На часах уже почти двенадцать, нас все еще не сменили, поэтому продолжаем работать. Людей все так же много. Беседую с женщиной, которая не может второй день найти свою дочь – телефон ее не отвечает. И вот эта женщина пришла к зданию морга. Возможно, ее дочь жива, а возможно – ее тело привезли этим утром в черном мешке. Я не могу утверждать ни первое, ни второе, поэтому только поддерживаю женщину, беседую с ней. Избегаю фразы «все будет хорошо», даже если меня спрашивают прямо: «скажите, будет ли все хорошо?»

Женщина держится, она стоит возле здания, не плачет, стоит спокойно, задает мне разные вопросы – я записываю данные ее дочери в блокнот, чтобы выяснить через «горячую линию» информацию о человеке. Пока нигде и ни у кого таких сведений нет.

Уже около четырех дня. Приехала наша смена, и теперь мы можем ехать отдыхать. Если все будет нормально, то эта смена закончит начатую нами работу на участке.

Еду спать в гостиницу. Мне кажется, что не только униформа, но и я насквозь пропитан специфическим запахом морга. Сейчас я еду в служебной машине, но все равно ощущаю этот тяжелый запах – то ли я им действительно пропитан, то ли это мне кажется.

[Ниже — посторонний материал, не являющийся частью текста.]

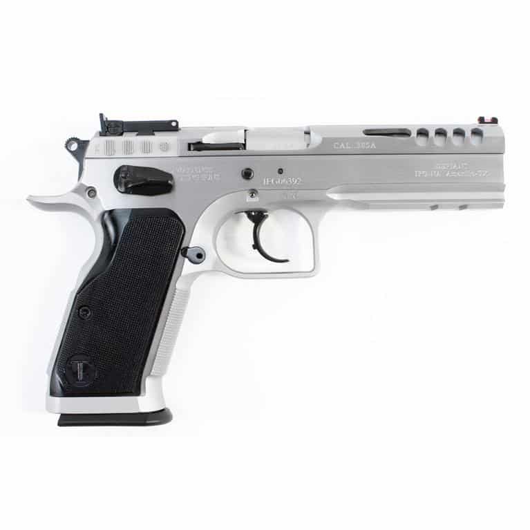 Finished in hard chrome the Stock Master is equipped with ambidextrous safeties a fiber optic front sight and a fully adjustable rear SuperSight for optimal targeting. Each pistol ships with two magazines ensuring readiness for competition straight out of the box.

В номере гостиницы скидываю тяжелые «берцы» – ни с чем несравнимое удовольствие – и снова понимаю, как мало нужно порой для счастья, радости или просто положительных эмоций. Сейчас для меня это – стянуть тяжелую армейскую обувь, в которой я уже больше суток.

С телефона выхожу в интернет. Бегло читаю, что пишут в новостях, и понимаю, что есть разница между тем, что там пишут, и тем, что видел своими глазами. Убираю телефон и проваливаюсь в сон.

Ночью пришел наш водитель, его подселили в мой номер. Он только что привез в эту же гостиницу сменивших нас коллег.

Водитель, добрый Александр Юлианович, мужчина с седыми усами, тихим голосом говорит мне фразу: «Завтра домой». Это хорошая новость, после которой иду снова спать.

Утром вся наша группа едет домой. Обратная дорога уже не кажется такой долгой. Разговариваем мало – больше молча смотрим в окно. Кто-то здесь же печатает на ноутбуке аналитический отчет по итогам выезда. Даже не знаю, что труднее – непосредственная работа на выезде или составление всех этих отчетов по итогу. Напиши справку, отзвонись куче руководителей, внеси коррективы, снова отзвонись руководителям всех уровней, отчитайся в бухгалтерию – сделай тоже отчет, а потом уже можешь думать о себе, об отдыхе и о том, как отключиться от всего, что недавно пережил, как восстановить силы. Да, и еще – обязательно выстирай тщательно форму!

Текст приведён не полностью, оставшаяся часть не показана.